00:15:57.840 If you have some Ruby integer, for example, named 'two', with a value of two, simple printing that integer in LLDB wouldn’t yield helpful results. However, calling 'rp' on it would provide the Ruby value—much more informative for debugging purposes.
00:16:22.320 One final tip is to utilize 'rb_bug' if you're repeatedly using LLDB and want to avoid past points you already examined; 'rb_bug' takes you directly there so you won’t have to reset multiple breakpoints.
00:16:45.180 Some folks may not enjoy debugging, and I completely understand that. If you prefer using puts for debugging, a useful tip is to create a puts line that utilizes '__FILE__' and '__LINE__'.
00:17:07.680 This will allow you to print out something like 'array.c:1298' and then you can use it in multiple places without difficulty, yet still identify where it was triggered.
00:17:29.520 Now, moving on, we want to talk about a bug that involves supporting IPv4-mapped IPv6 addresses specifically within iPad or private. In our search for this, we find that it has to do with IP address and/or the private method.
00:17:53.520 We utilize the technique we discussed earlier by searching the method name in quotes but we find nothing regarding 'ip_addr'. If we search for the name 'private' without quotes, we are led to a Ruby file indicating a Ruby method definition.
00:18:13.880 Upon inspection, we see precisely what we should change to resolve this bug. However, it is vital to note that this is in the lib directory, where items within the lib directory differ slightly from others in the Ruby codebase.
00:18:44.400 There's a documentation page regarding making changes to standard libraries, explaining that anything within the lib directory is mirrored from a different repository. Therefore, if you'd like to modify something that resides in the lib directory, it's not done within the Ruby codebase but rather within the corresponding repository.
00:19:09.120 To conclude, I want to share a useful redirect to a gems repository. Utilizing the gems metadata through 'gem.wtf' followed by a gem name, it will take you straight from a place such as IRB to the related codebase.

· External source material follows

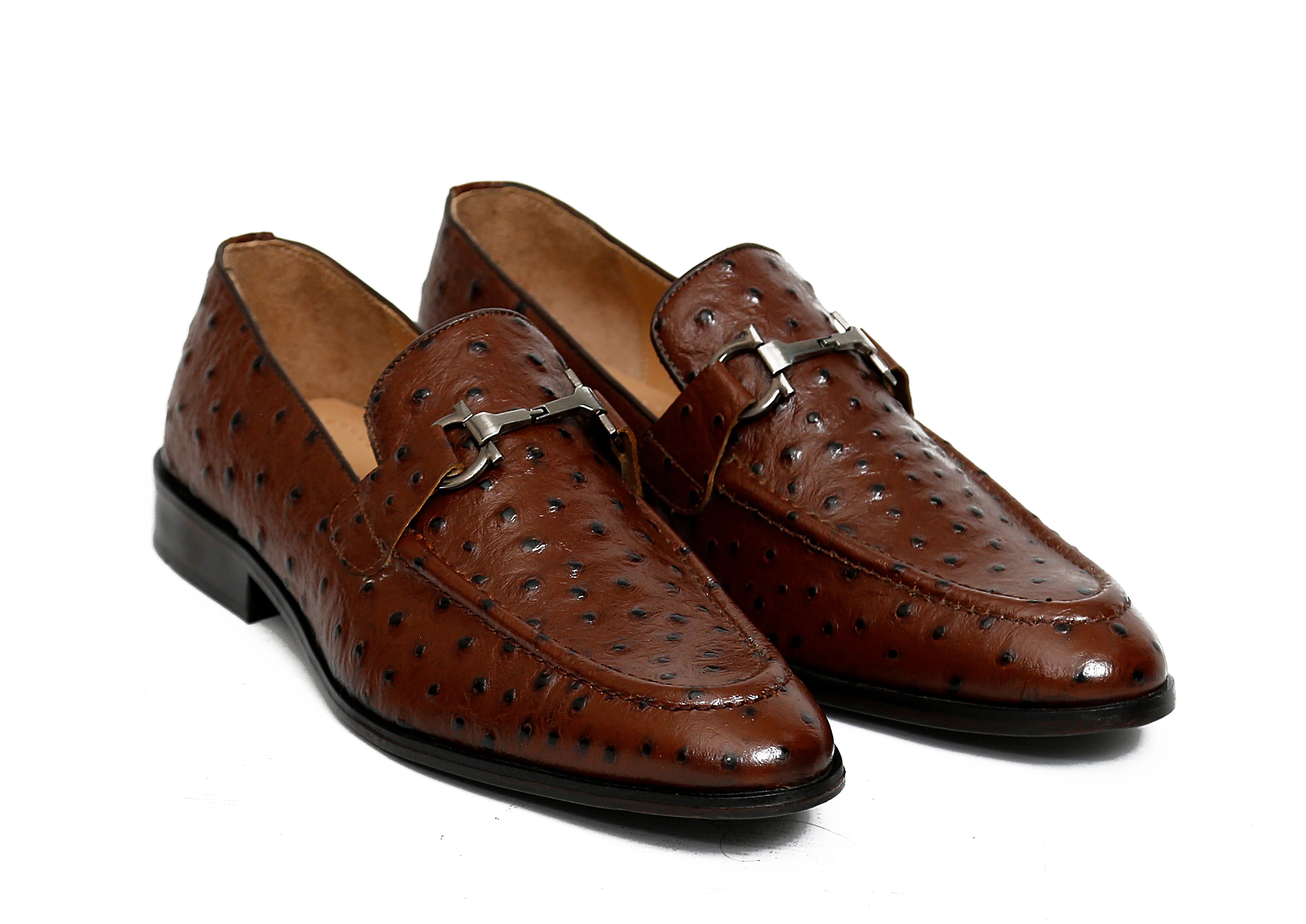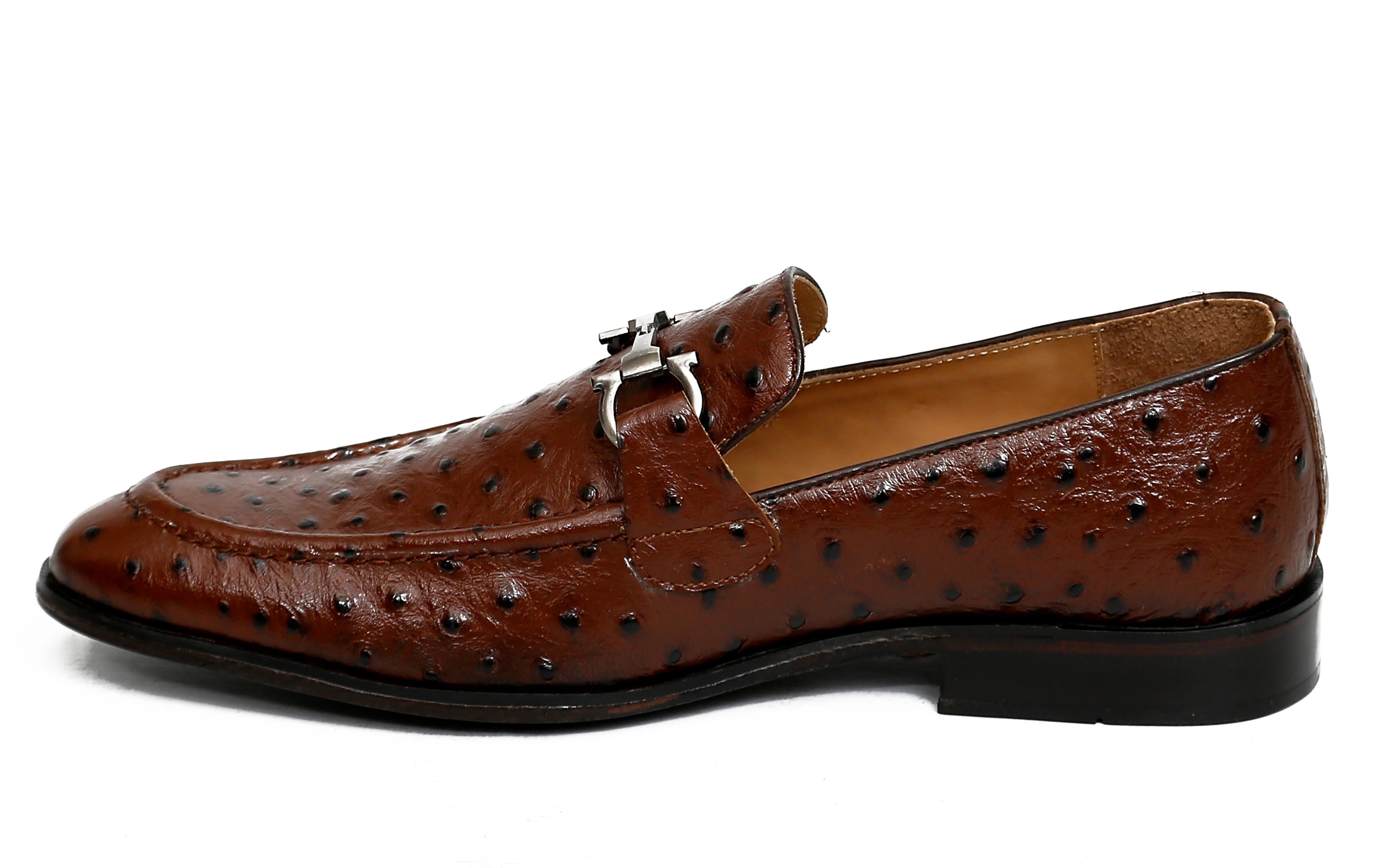 Men's Round Toe Brown Pebbled Leather Slip On Loafers

00:19:29.640 That wraps up our story of three bugs, which I hope has provided greater insight into developing within CRuby.
00:19:50.520 If you're interested in learning more, I find these documents to be quite beneficial in explaining contributing to CRuby, how to make changes, build, test, and so on. I've also included a blog series that my colleague, Peter, wrote about C extensions, which may also help you as you learn to contribute.
00:20:02.099 Thank you so much for having me!